** Listed records **
***
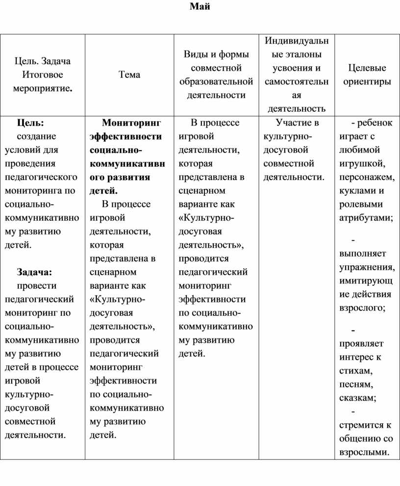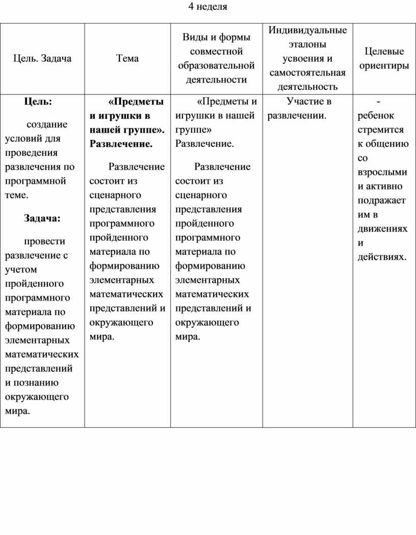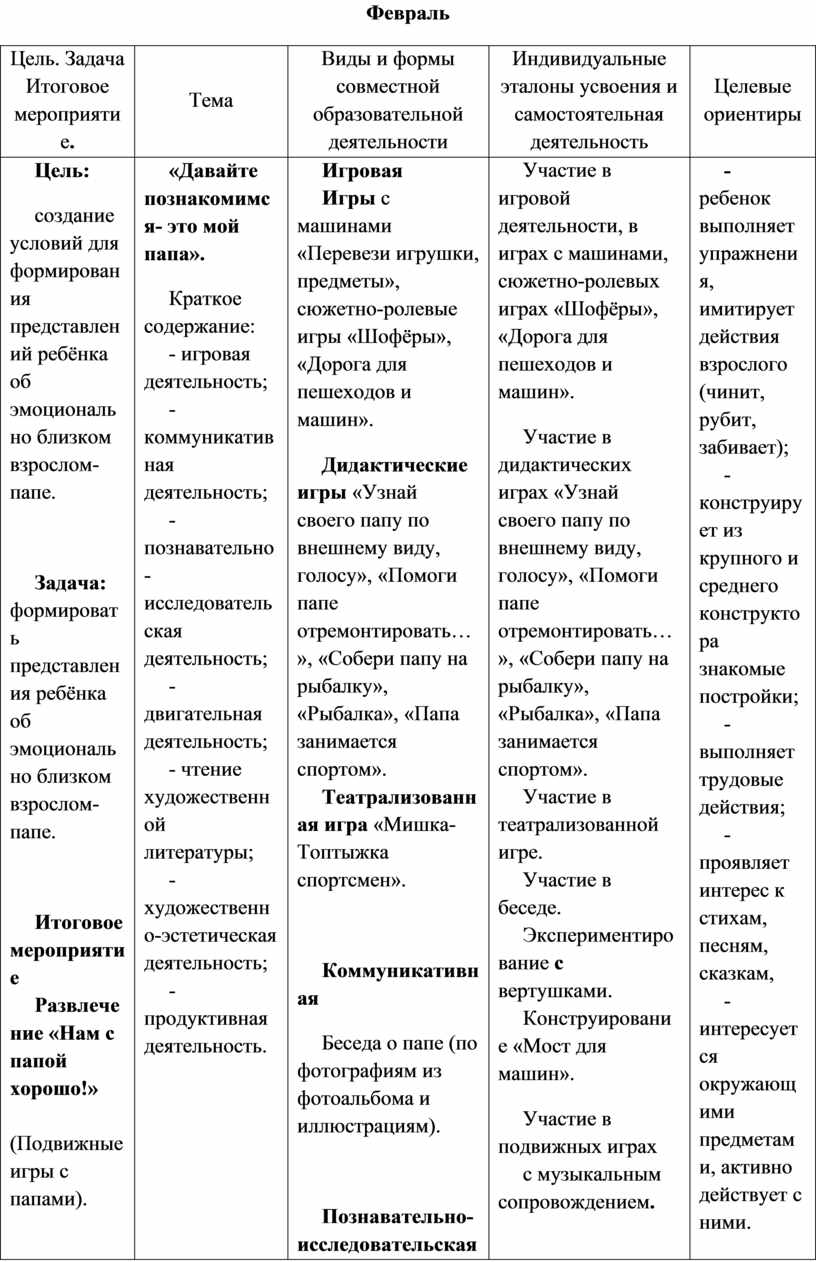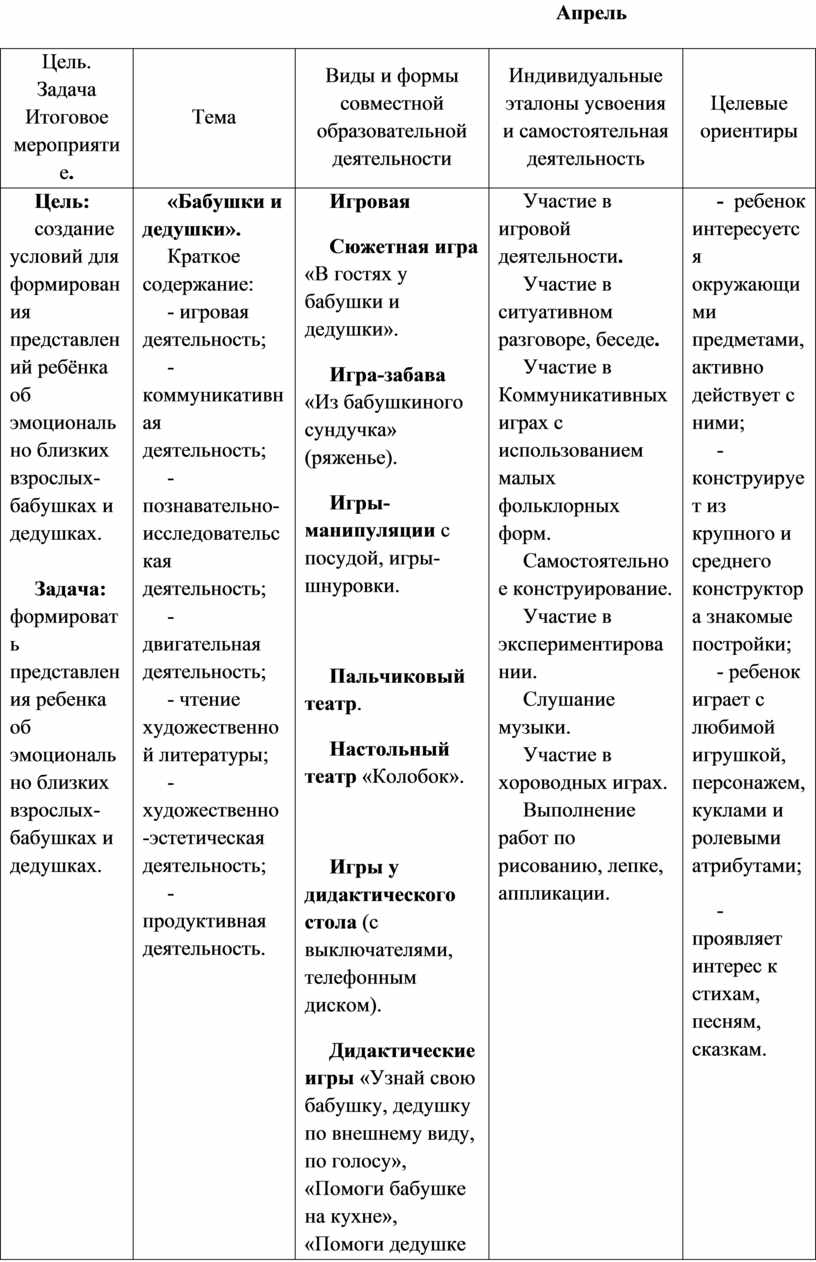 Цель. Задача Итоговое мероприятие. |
***
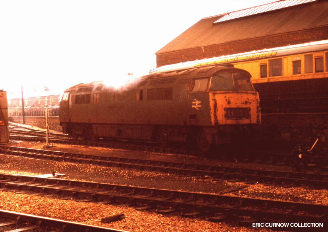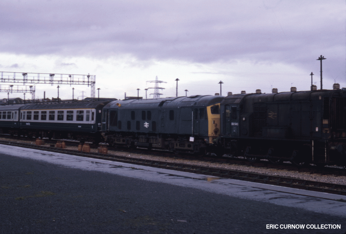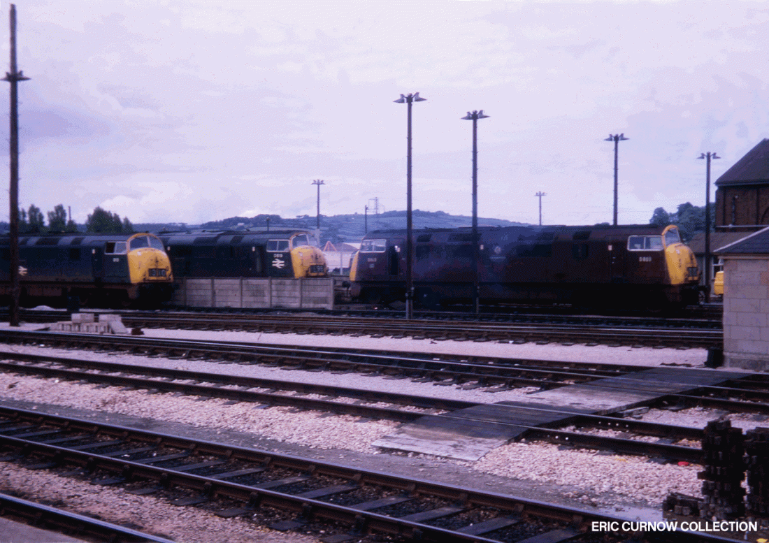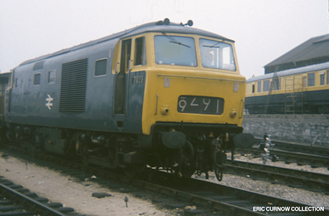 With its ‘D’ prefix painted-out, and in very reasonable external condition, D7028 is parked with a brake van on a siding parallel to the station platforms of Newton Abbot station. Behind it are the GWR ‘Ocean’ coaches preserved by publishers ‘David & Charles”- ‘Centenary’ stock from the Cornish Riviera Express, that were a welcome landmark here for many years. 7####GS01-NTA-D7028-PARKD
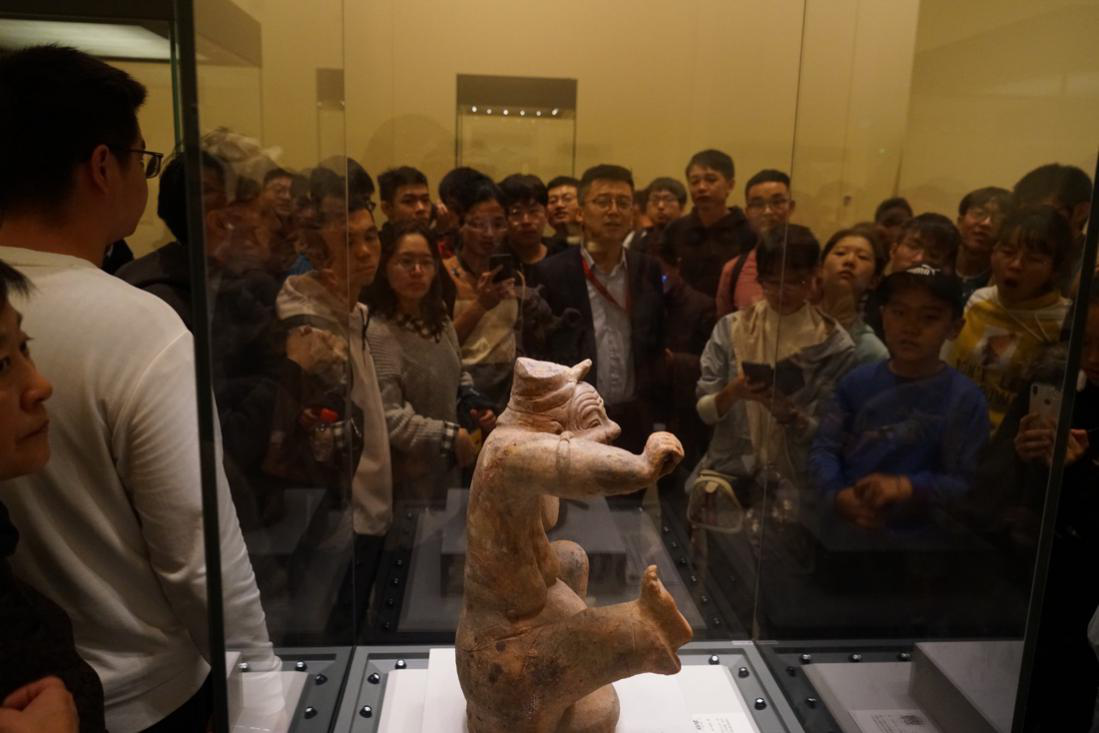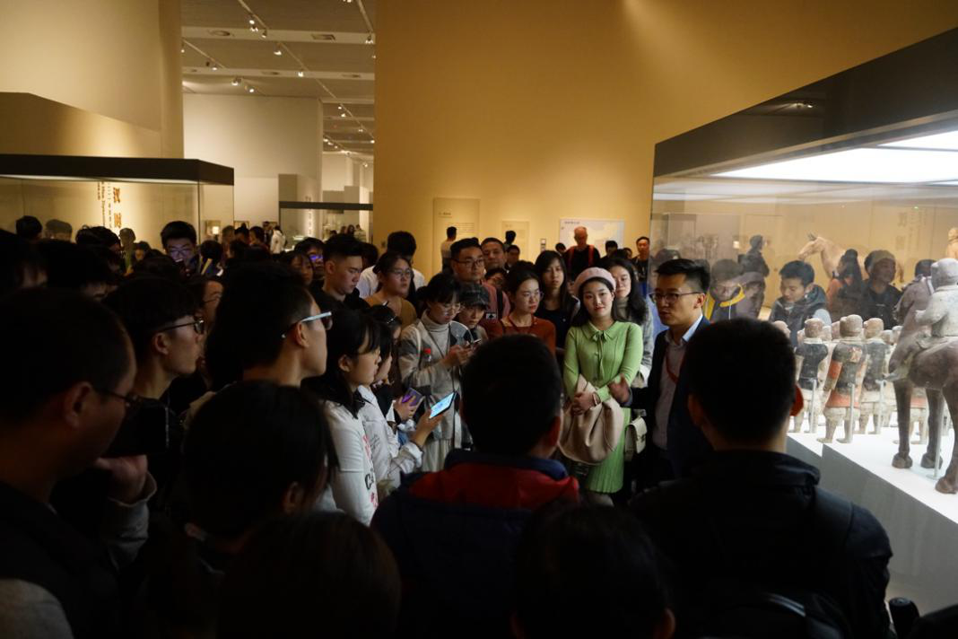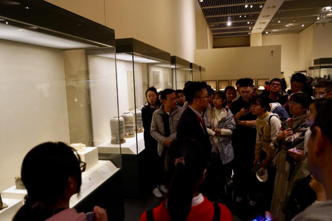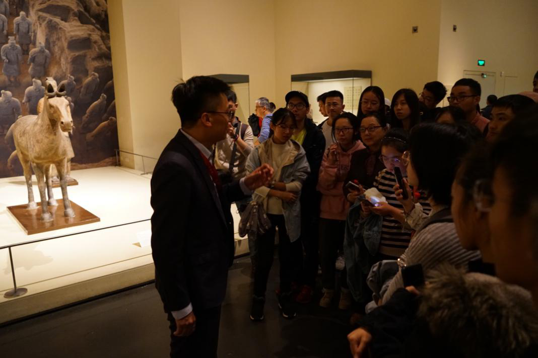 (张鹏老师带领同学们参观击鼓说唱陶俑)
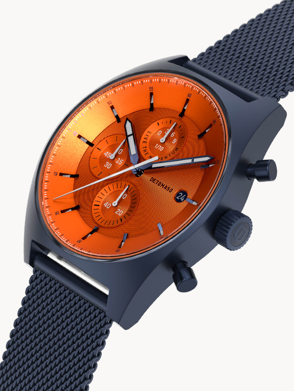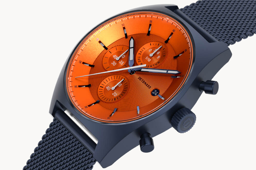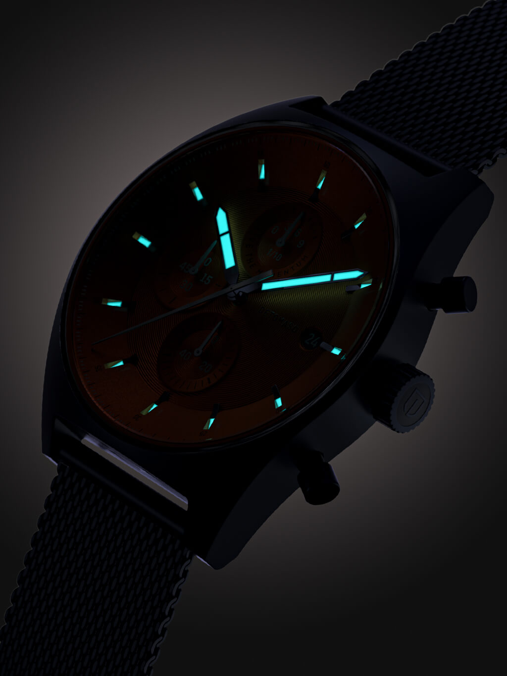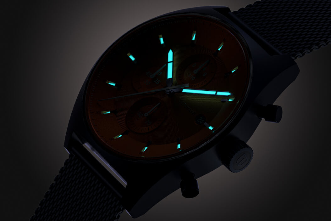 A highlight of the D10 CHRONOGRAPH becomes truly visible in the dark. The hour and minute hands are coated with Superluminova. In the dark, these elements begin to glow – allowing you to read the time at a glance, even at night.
***
Reproduce the records above exactly, but only from the line with "(张鹏老师带领同学们参观击鼓说唱陶俑)" up to and including the line with "A highlight of". Leave the pictures out.

** Task output **
 (张鹏老师带领同学们参观击鼓说唱陶俑)
 A highlight of the D10 CHRONOGRAPH becomes truly visible in the dark. The hour and minute hands are coated with Superluminova. In the dark, these elements begin to glow – allowing you to read the time at a glance, even at night.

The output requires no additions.